The land conversion costs of Imperata lands call for an investment cost for the first rotation of approximately US$700 per hectare. Site preparation is 25 percent of the cost, with seedling releasing and weeding constituting an additional 25 percent. Less investment is needed for the second rotation. There are new technical options of soil sterilants for non-crop areas and multiple applications of non-selective herbicide but they have not been used on a large scale. The result is that secondary forest is often selected for the establishment of plantations, so that an immediate return from harvesting trees can be used for investment. However, a new culture of small tree farmers with 5-10 hectares is emerging. These farmers enjoy a comparative advantage over the large-scale plantations in labour inputs, biodiversity recruitment and diversification and greater silvicultural options.

The impact of plantations on Imperata land rehabilitation is not entirely clear. They can utilize Imperata land and may arrest degradation if they focus on improved site management. They may create local work opportunities and improve social services, while contributing to the national economy, in the short-term. However, long-term nutrient availability is depleted and it is unclear as to the impact on future sustainability options and ecological services. Furthermore, the broader area land use by local people and local government is weakened.
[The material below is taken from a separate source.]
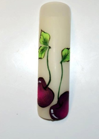 Получится слепить небольшие объемные вишенки и листья к ним. Каждый элемент сразу просушивают в лампе. Потом наносят и другой декор.
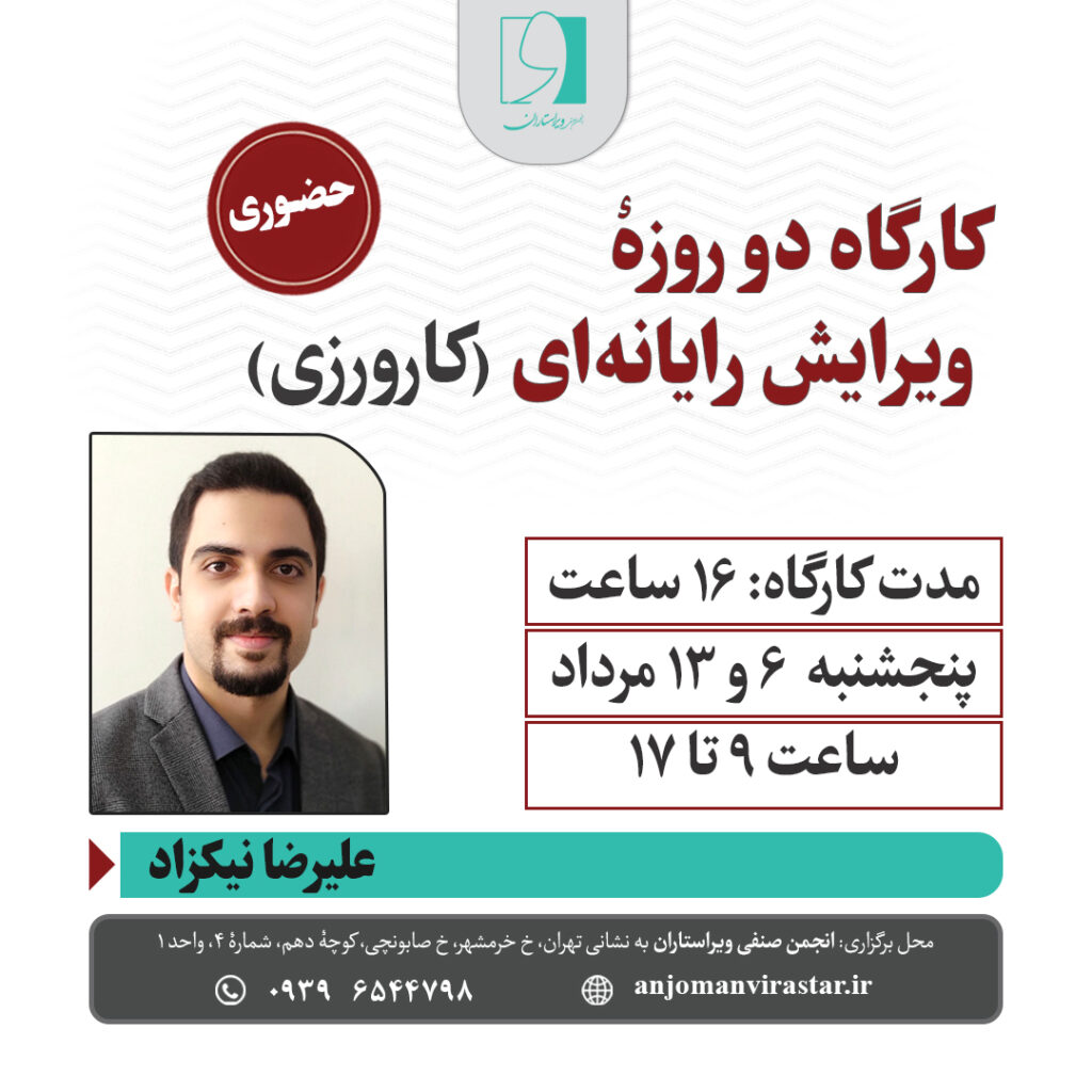 کارگاه دو رروزۀ ویرایش رایانهای (کارورزی) ــ حضوری مدرس: علیرضا نیکزاد مدت کارگاه: ۱۶ ساعت پنجشنبه ۶ و ۱۳ مرداد ساعت ۹ تا ۱۷

In summing up the experiences of the last fifty years, particularly in the area of social forestry transitioning to community-based management of the Department of Environment and Natural Resources, a number of points can be made. Local communities must ensure sustainability, where the community stake is not derived from the salaries and allowances received from DENR and externally funded projects. But, benefits have not accrued from what has been planted; hence, DENR management has generally failed to introduce ANR to communities.
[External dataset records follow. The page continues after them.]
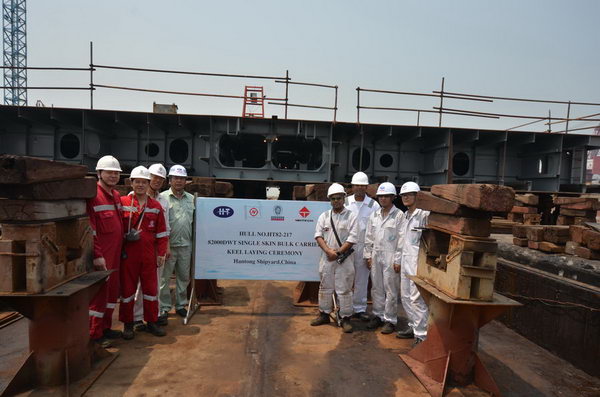 我司為日本日新船東建造的82000噸散貨輪(船體號(hào):HT82-217)于2018年6月12日在我司舉行了上臺(tái)儀式,該船入BV船級(jí)社。公司領(lǐng)導(dǎo)、船東代表及船級(jí)社代表參加該儀式。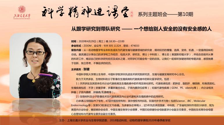 脑中有科学,心头存道义。为了塑造学生的科学精神,启发学生不畏艰险、勇于创新、不懈追求、独立思考的精神特质,2020年4月29日18:30,由上海交通大学农业与生物学院团委、2018级动科班、动物药理学课程2020年春季教学班共同主办的“科学精神进课堂”系列主题班会顺利开展。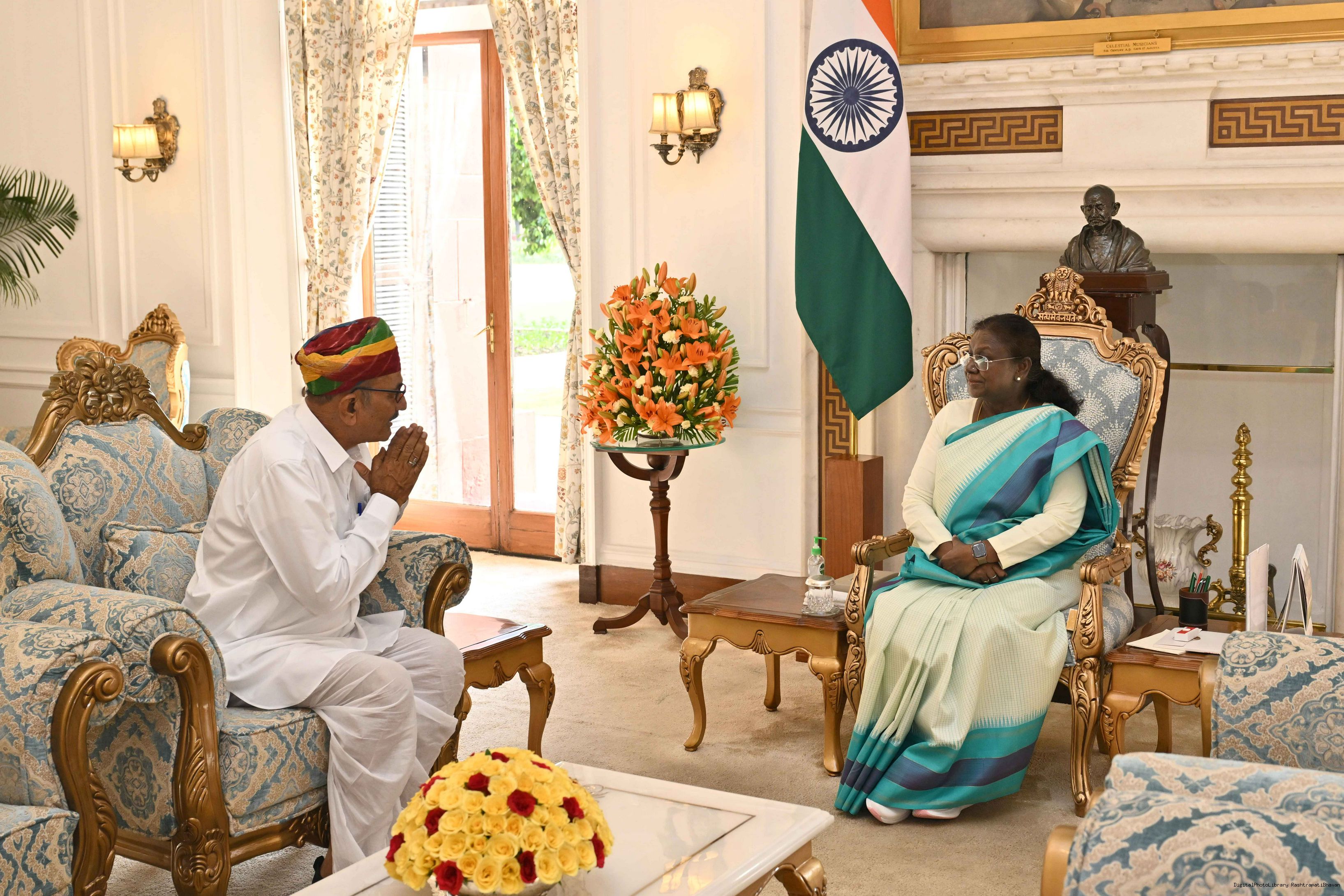 Shri Himataram Bhambhu, Padma Shri Awardee meeting with the President of India, Smt. Droupadi Murmu at Rashtrapati Bhavan on May 22, 2025.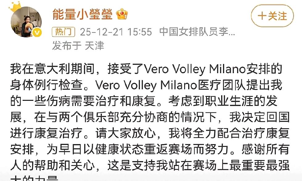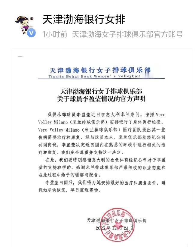 李盈莹,天津女排和米兰俱乐部三方发布声明!今天下午主攻手李盈莹发文决定回国康复治疗后,不久天津渤海银行女排也发布声明,将全力为主攻手李盈莹安排最好的医疗和康复条件。 米兰俱乐部刚刚也发布声明,后面也将积极配合主攻手李盈莹的各项需求,助力李盈莹早日康复重返赛场。 主攻手李盈莹,天津渤海银行俱乐部,米兰俱乐部三方都第一时间发布了正式声明,第一时间给关心爱护妹妹李盈莹的球迷和各界反馈消息,主攻手李盈莹最新决定回国治疗进行康复。 没想到上赛季排超联赛末尾阶段那次的崴脚受伤,影响这么大!妹妹李盈莹受伤手术后才四五个月时间,从北京医院复查出来就被拉去国家体育局进行国家队的集训。现在看来那时就让主攻手李盈莹复出去参加集训营真的是太着急了! 再到后来主攻手李盈莹跟随国家队到世联赛北京澳门站比赛,再到世锦赛总决赛的参赛,再后来又是天津女排全运会集训,再到参加全运会比赛。这一年的时间真是事情满满,没有一刻休息时间啊! 好事多磨吧!妹妹李盈莹也不用着急,一切都会好起来的。先进行康复治疗,等这次完全康复后,再计划后面的工作也不迟。天涯体育排球讯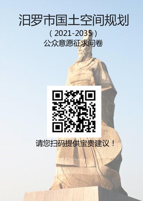 汨罗市国土空间规划(2021-2035)公众意愿征求问卷,请您扫码提供宝贵建议!

Plantations and the recognition of existing land uses have often been in conflict, partly because people have devised methods for utilizing areas for agriculture with some trees and areas maintained for a specific purpose. The main conflicts, with plantation establishment are: unclear land tenure for Community-based Forest Management (CBFM) and Certificates of Ancestral Domain Claimants, and a lack of community consultation during the planning process.

Assisted Natural Regeneration may be found in areas where individual communities practice resource diversity and where Certificate of Land Ownership Agreements (CLOAs) are awarded by the Department of Agrarian Reform (DAR) for sites utilizing Imperata lands. The lodging of cogon and selected weeding are seen as best practices in these areas. The cost of ANR is a small percentage of conventional reforestation techniques. What needs to be highlighted are sites that engage communities. On the whole, programmes need to embrace the importance of ANR and establish the integral management of the uplands with communities wherein ANR has a major role.
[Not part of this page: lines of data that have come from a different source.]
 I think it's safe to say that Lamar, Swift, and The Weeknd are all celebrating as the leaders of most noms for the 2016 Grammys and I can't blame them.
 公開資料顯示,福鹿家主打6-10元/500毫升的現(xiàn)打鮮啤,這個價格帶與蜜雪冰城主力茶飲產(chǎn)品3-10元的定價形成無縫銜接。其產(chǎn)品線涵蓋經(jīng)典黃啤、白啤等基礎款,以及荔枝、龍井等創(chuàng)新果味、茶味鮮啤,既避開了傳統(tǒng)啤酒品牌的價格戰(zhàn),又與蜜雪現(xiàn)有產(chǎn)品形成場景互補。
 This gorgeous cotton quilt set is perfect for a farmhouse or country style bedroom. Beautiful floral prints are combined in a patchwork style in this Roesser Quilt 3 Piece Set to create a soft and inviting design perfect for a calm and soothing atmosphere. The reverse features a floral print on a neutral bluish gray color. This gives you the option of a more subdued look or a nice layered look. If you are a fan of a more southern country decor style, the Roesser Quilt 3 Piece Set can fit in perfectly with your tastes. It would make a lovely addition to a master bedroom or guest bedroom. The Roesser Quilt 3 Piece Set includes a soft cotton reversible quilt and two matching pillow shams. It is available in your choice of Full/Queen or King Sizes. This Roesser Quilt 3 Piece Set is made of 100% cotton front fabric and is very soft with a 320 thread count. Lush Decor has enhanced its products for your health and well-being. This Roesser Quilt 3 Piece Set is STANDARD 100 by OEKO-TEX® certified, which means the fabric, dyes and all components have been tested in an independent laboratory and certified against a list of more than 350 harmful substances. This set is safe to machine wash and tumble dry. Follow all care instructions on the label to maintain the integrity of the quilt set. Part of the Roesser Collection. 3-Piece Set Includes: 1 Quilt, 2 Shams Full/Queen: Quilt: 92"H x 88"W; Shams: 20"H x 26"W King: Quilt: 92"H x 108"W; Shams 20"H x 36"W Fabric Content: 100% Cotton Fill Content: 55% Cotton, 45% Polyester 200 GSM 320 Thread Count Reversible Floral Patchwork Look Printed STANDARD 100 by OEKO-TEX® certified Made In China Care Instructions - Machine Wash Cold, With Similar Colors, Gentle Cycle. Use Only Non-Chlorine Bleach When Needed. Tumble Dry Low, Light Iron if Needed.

Forest land plantations are being reviewed by DENR. Action is also being undertaken regarding CBFM, including monitoring and apprehension of illegal CBFM logging activities and demanding the accountability of officials for permits. There is a call for departmental coordination in the granting of upland tenure and reassessing community resource use permits and forest protection responsibilities. There are new efforts to create awareness and skills training and a redesigning of ANR programming. Further dialogue towards process-driven and action-oriented systems is needed along with developing venues for entering markets for timbers sustainably grown on rehabilitated lands.

Important requirements are to:

Infestation is not a one-time problem to be solved, but rather a condition to be managed. The utilization of multiple adaptive management approaches can result in better and long-term strategies in effective control of Imperata and assist regeneration in a more continuous manner by giving greater security to communities.